The agreement, the first in nearly a decade of confrontation over Iran’s nuclear program, is a win for diplomacy and proof that Obama’s strategy of direct engagement with Iran works. Enabled by high-level face-to-face meetings between Tehran and Washington, the deal was struck despite significant opposition by hardliners in the US, Iran, and Israel.

The P5+1 and Iran adopted tangible, though modest, confidence-building measures that demonstrate both sides are serious about negotiations. Tehran agreed to concrete technical steps that would reduce its nuclear weapons potential by limiting its nuclear capacity and allowing greater transparency.

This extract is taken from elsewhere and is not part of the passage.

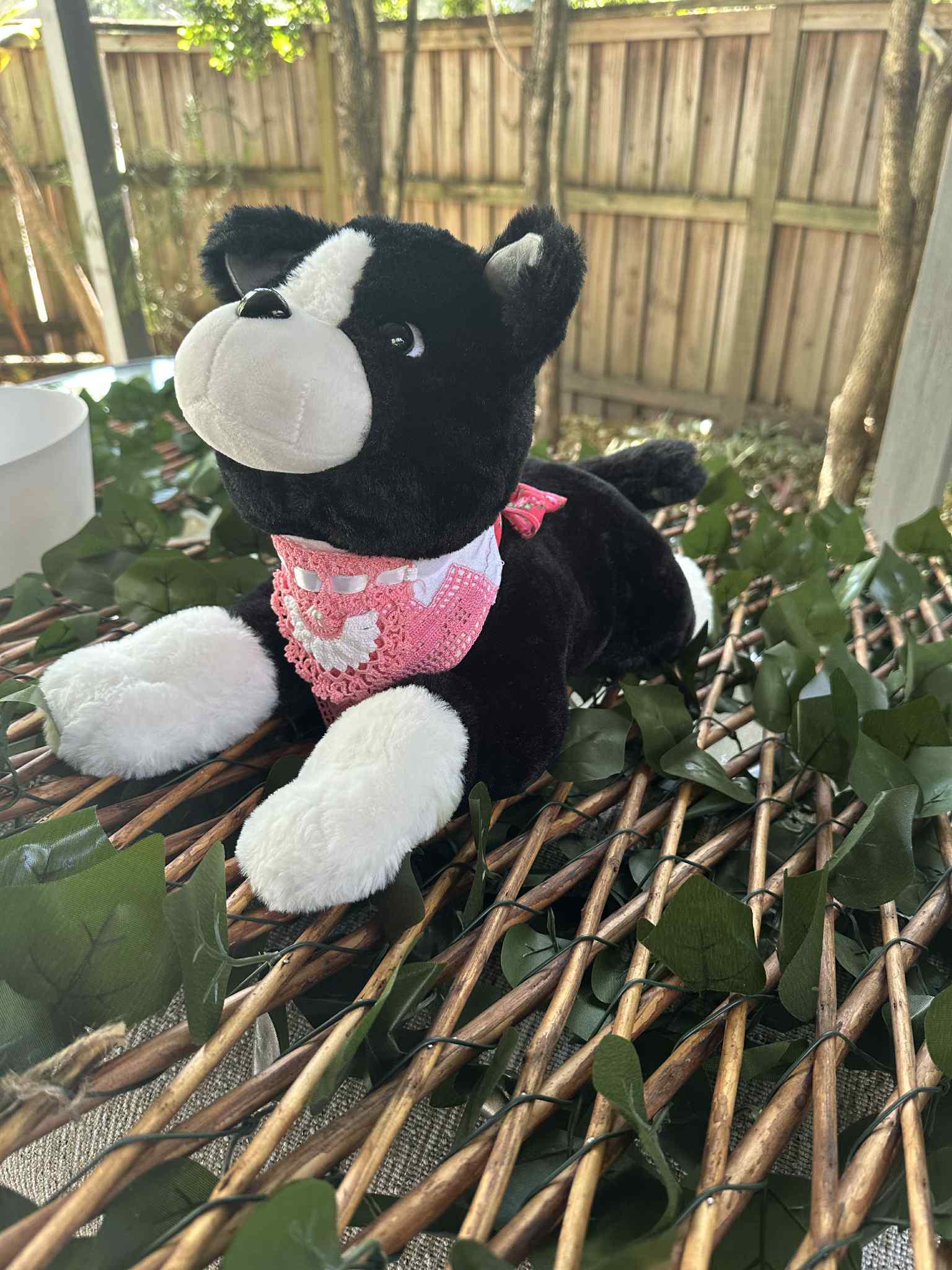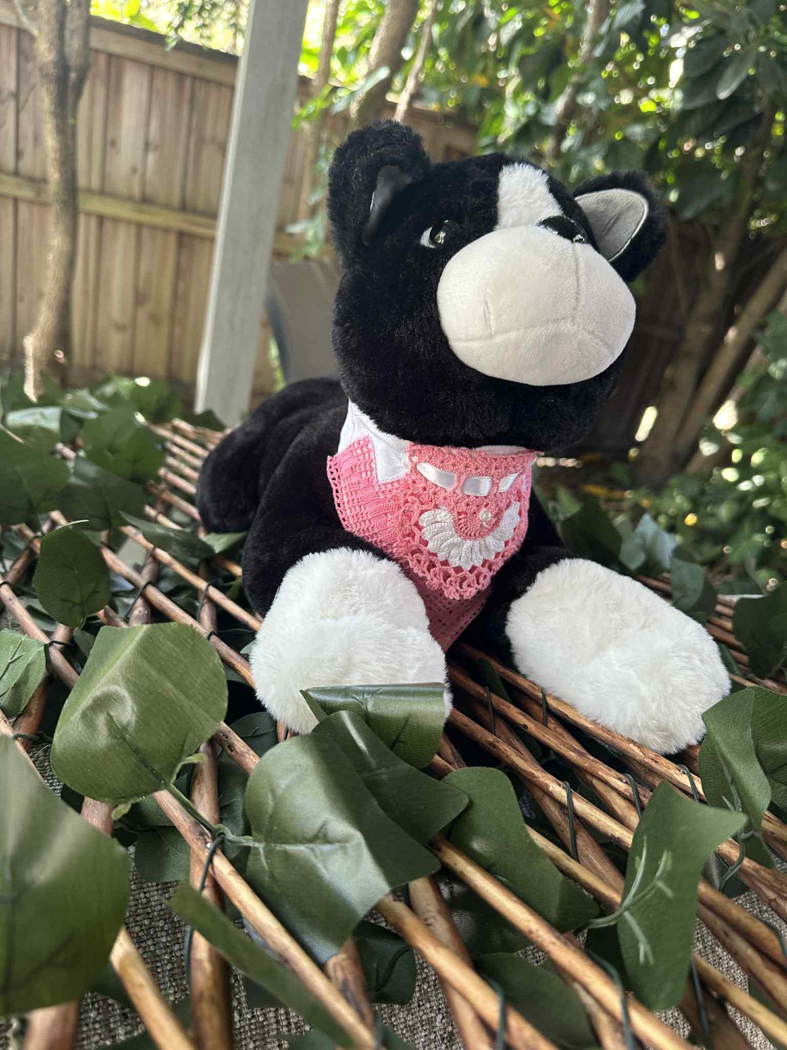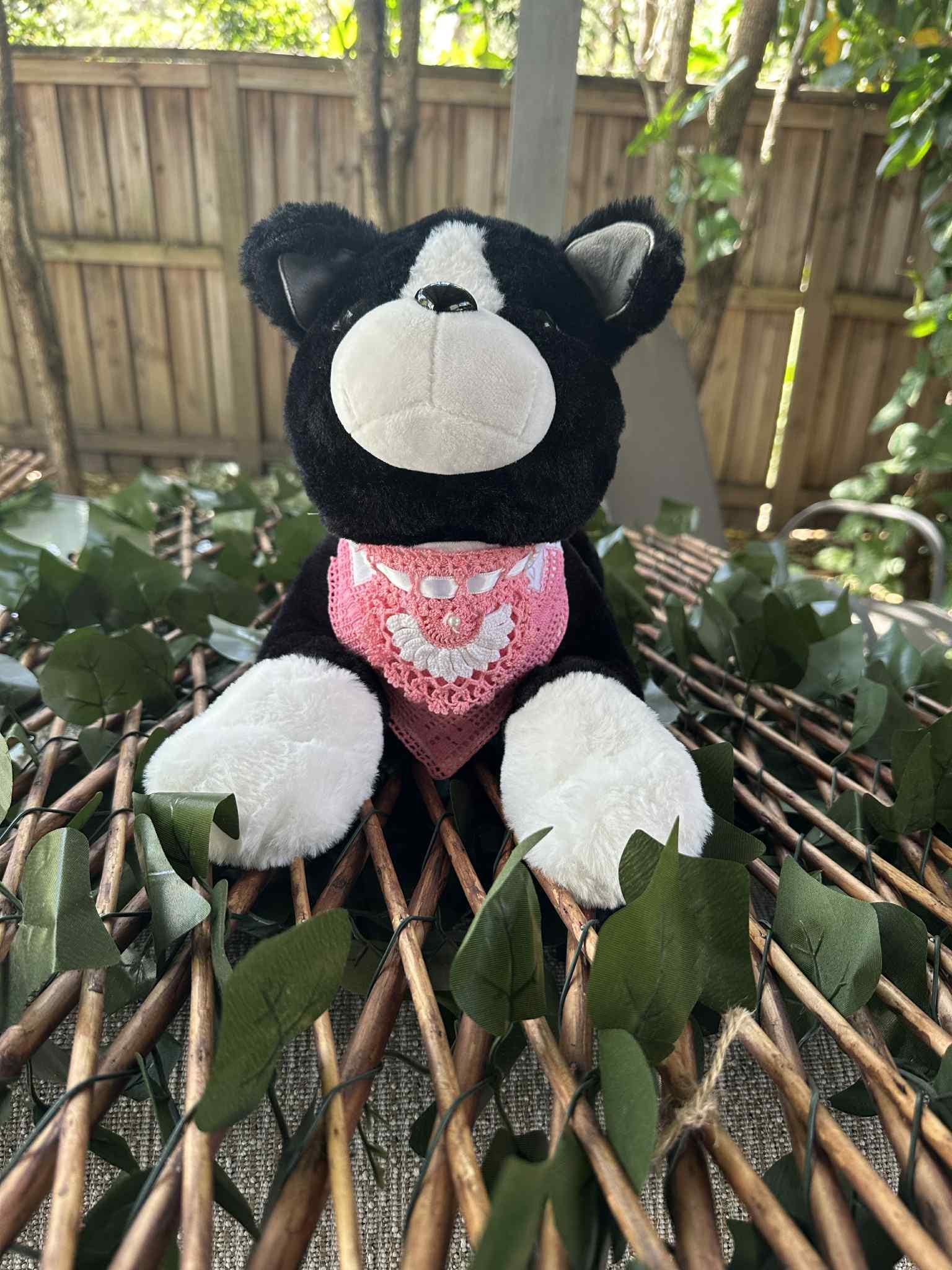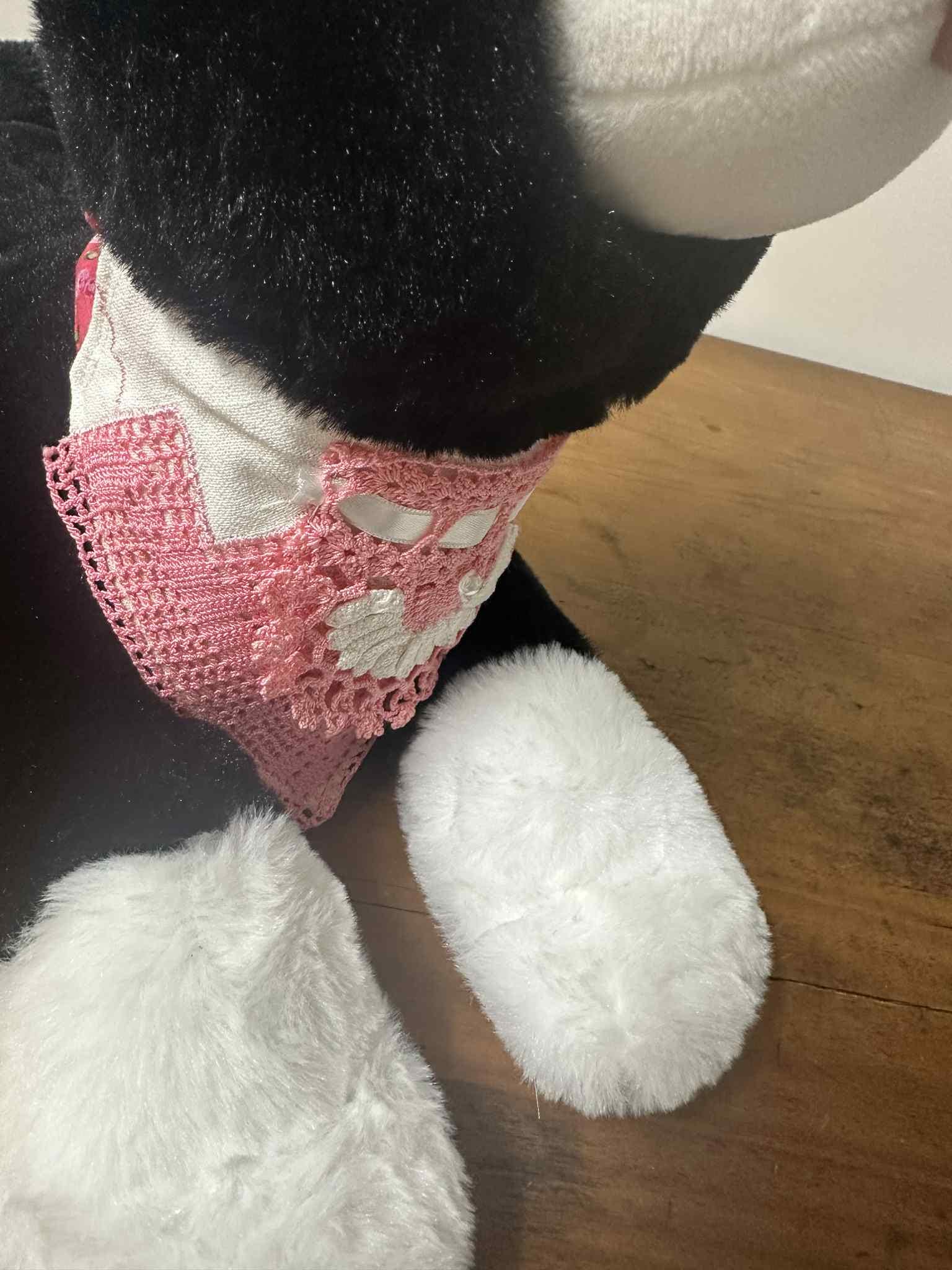 Add a touch of elegance to your furry friend’s look with this handmade crochet lace dog bandana. Crafted from soft pink and white cotton, this piece features a delicate satin ribbon and pearl bead for a festive, elegant touch.

The deal reflects reasonable compromises. For example, the P5+1 initially demanded that stockpiled, 20 percent-enriched uranium be shipped out of Iran, but exporting uranium was unacceptable for Tehran. Instead, the two sides agreed that Iran would convert 20-percent enriched uranium hexafluoride to uranium oxide or downblend it to below 5 percent—measures that still buy threat reduction without crossing Iran’s red line.

Finally, the agreement succeeds in building trust by leaving out the hard questions, such as Iran’s right to enrichment, which would be addressed during the next phase of negotiations.